Personal information
- Born: October 30, 1989 (age 36) Atlanta, Georgia, U.S

Sport
- Country: Nigeria
- Sport: Athletics
- Event: 400m Hurdles

Medal record
Men's athletics
Representing Nigeria
African Championships
| Gold medal – first place | 2012 Porto-Novo | 400 m hurdles |
| Gold medal – first place | 2012 Porto-Novo | 4×400 m |
| Silver medal – second place | 2014 Marrakesh | 400 m hurdles |
| Silver medal – second place | 2014 Marrakesh | 4×400 m |

= Cristian Morton =

American-Nigerian track and field hurdler

Cristian Amaechi Cuevas Morton (born October 30, 1989) is an American-born track and field 400-meter hurdler who competes for Nigeria. He was the 2012 400 m hurdles gold medallist at the NCAA Championships and the African Championships. He has a personal record of 48.79 seconds for the event.

Morton was born in Atlanta, Georgia to a Nigerian mother, Nkem Sabena Obiekwe. He holds dual American/Nigerian citizenship. He attended Riverwood High School and while there he broke the school records in the 400 m hurdles and the 400-meter dash, as well as finishing second at the 2008 USATF Junior Olympics. He gained an athletic scholarship at Stanford University and began competing for the Stanford Cardinal in 2009.

Responding to the advice of Patience Itanyi (a Nigerian Olympian), Morton opted to compete internationally for his mother's native Nigeria. In his first year at Stanford, he ran a personal best of 50.11 seconds for the 400 m hurdles, breaking the school's 28-year-old record. He came third at the Pac-10 Conference final and was a semi-finalist at the NCAA Championships. In July, he travelled to Nigeria and came second in the 400 m dash at the national trials (running a best of 46.10 seconds). He was chosen for the 4×400-meter relay team and helped Nigeria reach the 2009 World Championships final, where they finished eighth.
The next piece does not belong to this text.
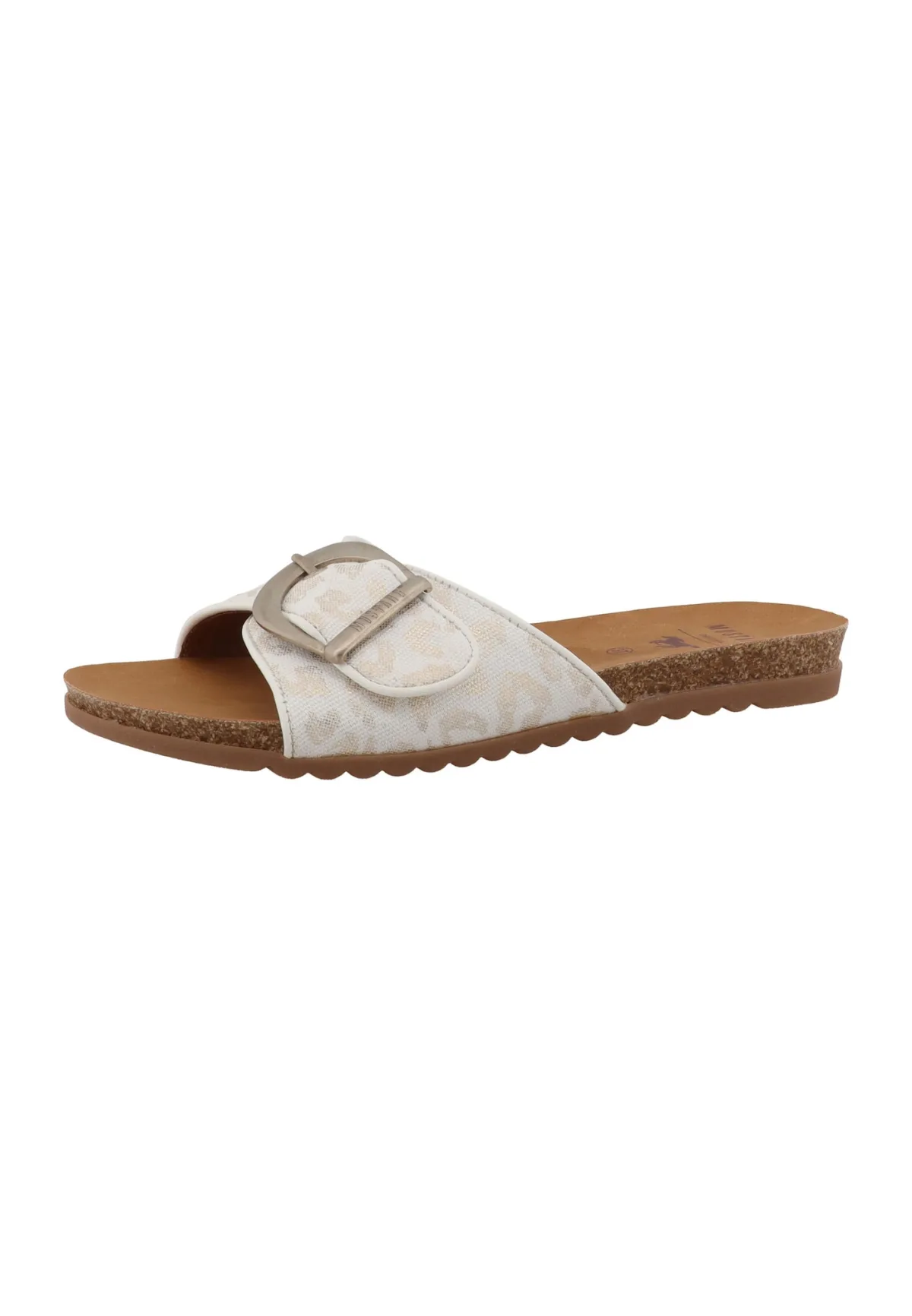 Design: Ingelegde zoom/rand, Zool van kurk; Type sluiting: Slip; Materiaal: Imitatieleder; Motief: Dierenprint; Materiaal: Imitatieleer; Schoenneus: Open toe; Extra's: All-over patroon, Flexibele zool; Hakhoogte: Platte hak (0-3 cm); Pasvorm van de schoenen: Normaal

Returning to collegiate competition in 2010, he set a personal record of 48.94 seconds in the hurdles to finish second at the Pac-10 Championships, then earned his first All-American honours with a third-place finish at the NCAA Outdoors.

He set an indoor best of 46.23 seconds over 400 m in January 2011 and was fifth in that event at the NCAA Indoor Championships. He ran a time of 49.43 for third at the Pac-10 Championships and improved one position at the NCAA Outdoors, taking second place in a season's best of 49.08 seconds. The 2012 collegiate season saw Morton develop his skills further. He ran a near-personal record (48.95) to win the Pac-10 title and also came second in the 110-meter hurdles. He went undefeated in the 400 m hurdles for Stanford that year and won the NCAA title with a best of 48.79 seconds. Morton discussed his internationally eligibility with both the Athletics Federation of Nigeria and USA Track and Field. He requested to run for the United States and American officials asked for his release from Nigerian duty, but ultimately he continued to represent Nigeria. At the 2012 African Championships in Athletics he won the continental gold medals in both the 400 m hurdles and in the relay. Given that he had achieved the Olympic qualifying standard, he was selected to participate for Nigeria at the 2012 Summer Olympics.